不是 ephemeral session。
不是 sub-agent。
配置启用了 memory。
state DB 可用。
线程没有被外部上下文污染到需要禁用 memory 的状态。

核心两阶段如下：

代码节选：

// core/src/memories/mod.rs，精简节选。
mod phase_one {
    pub const MODEL: &str = "gpt-5.4-mini";
    pub const CONCURRENCY_LIMIT: usize = 8;
}

mod phase_two {
    pub const MODEL: &str = "gpt-5.4";
    pub const JOB_HEARTBEAT_SECONDS: u64 = 90;
}

设计含义：

Phase 1 是大量小任务，适合用更轻模型并发抽取。
Phase 2 是全局合并，影响长期记忆质量，使用更强模型并通过 global lock 保证只有一个合并者。
JOB_HEARTBEAT_SECONDS 和 lease 机制让后台任务不会因为进程崩溃永久占锁。

// state/src/runtime/memories.rs，精简节选。
pub fn claim_stage1_jobs_for_startup(...) {
    // 过滤当前线程、禁用 memory 的线程、太新的线程、已处理且未过期的线程。
    // 按 updated_at 排序，控制 scan_limit，再领取 job lease。
}

这体现了长期记忆的一个优化原则：

不重新总结所有历史，只总结“值得更新”的 rollout，并通过 lease 避免重复工作。
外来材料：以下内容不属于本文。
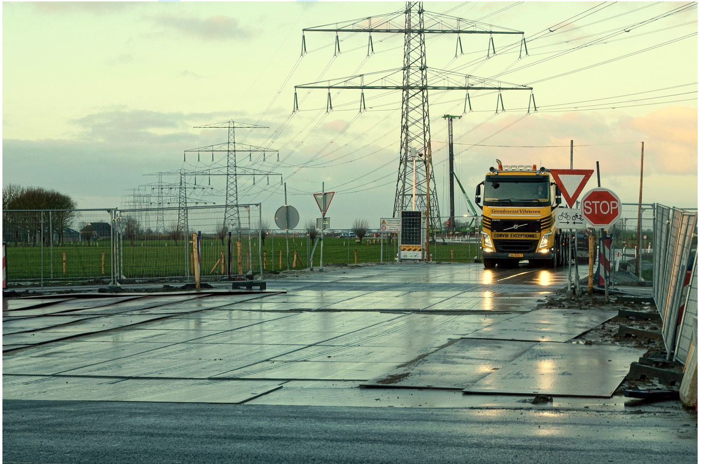
Afb. 2. Bouwweg van betonnen platen met hier extra stalen rijplaten, vanaf de Provincialeweg even ten noorden van Sauwerd richting het Reitdiep, t.b.v. de nieuwe mastlocaties. Vlak naast de bestaande vakwerkmast (dit is vertekend, in werkelijkheid naast de tweede mast op de foto) staat de stelling voor het boren van de stalen funderingspalen (achter boerderij Derksen).

2.3 外部上下文污染：memory 不是无条件学习

源码位置：

backend/codex-main/codex-rs/core/src/mcp_tool_call.rs
backend/codex-main/codex-rs/core/src/stream_events_utils.rs

当线程使用了外部 MCP 上下文，runtime 可能把当前线程标记为 memory polluted：

// 精简节选。
if config.memory.disable_on_external_context {
    mark_thread_memory_mode_polluted(...).await;
}

这对安全审计尤其重要。MCP 可能读取外部系统、私有资源或临时上下文，如果无脑写进长期 memory，会污染后续项目和后续审计。

2.4 memory citation：长期记忆也要可追踪

源码位置：backend/codex-main/codex-rs/core/src/memories/citations.rs

模型引用 memory 时会产生 memory citation。runtime 会解析 citation，记录哪些 stage1 output 被使用过。这样 Phase 2 可以根据使用频率、最近使用时间、过期策略选择合并输入。

效果：

经常被引用的记忆更容易保留。
长期未使用的记忆更容易被淘汰。
合并输入不是无限增长，而是带使用反馈的受控集合。

3. 压缩系统：上下文生命支持

codex-main 的压缩不是简单“总结一下聊天记录”。它有明确触发点、历史替换策略、协议重置动作。

触发点主要有四类：

Pre-turn compact：采样前发现 token 使用超过 auto compact limit。
Mid-turn compact：工具调用后仍需 follow-up，但 token limit 已触顶。
Model downshift compact：切到上下文更小的模型前，发现当前历史太大。
Manual compact：用户或上层显式触发。

3.1 本地 compact：模型自己总结历史

源码位置：backend/codex-main/codex-rs/core/src/compact.rs

pub enum InitialContextInjection {
    DoNotInject,
    BeforeLastUserMessage,
}

InitialContextInjection 的含义：

DoNotInject：pre-turn 或 manual compact 时，不需要把 initial context 插回用户消息前。
BeforeLastUserMessage：mid-turn compact 时，需要把 compact 后的上下文插到最后一条用户消息前。这样模型继续 follow-up 时，仍能看到“用户刚才要做什么”。

// 精简节选：compact 期间复用同一个 client session。
let client_session = model_client.create_session();

loop {
    let turn_input = build_compact_prompt(history);
    let stream = client_session.stream(&turn_input).await?;

    if context_too_large {
        history.remove_first_item();
        continue;
    }

    break;
}

这里有一个不明显但很关键的缓存优化：

compact 过程中如果上下文仍然太大，优先删除最老的 history item，而不是重写最近上下文。这样能尽量保留 prompt cache 前缀和最新任务语义。

// 精简节选：生成 summary 后替换历史。
let compacted_item = CompactedItem {
    message: summary_text.clone(),
    replacement_history: Some(new_history.clone()),
};

sess.replace_compacted_history(
    new_history,
    reference_context_item,
    compacted_item,
)
.await;

client_session.reset_websocket_session();
sess.recompute_token_usage(&turn_context).await;

压缩后的行为不是“追加一条总结”，而是“用新历史替换旧历史”。这能避免旧上下文继续占 token，也让后续 token 估算变准确。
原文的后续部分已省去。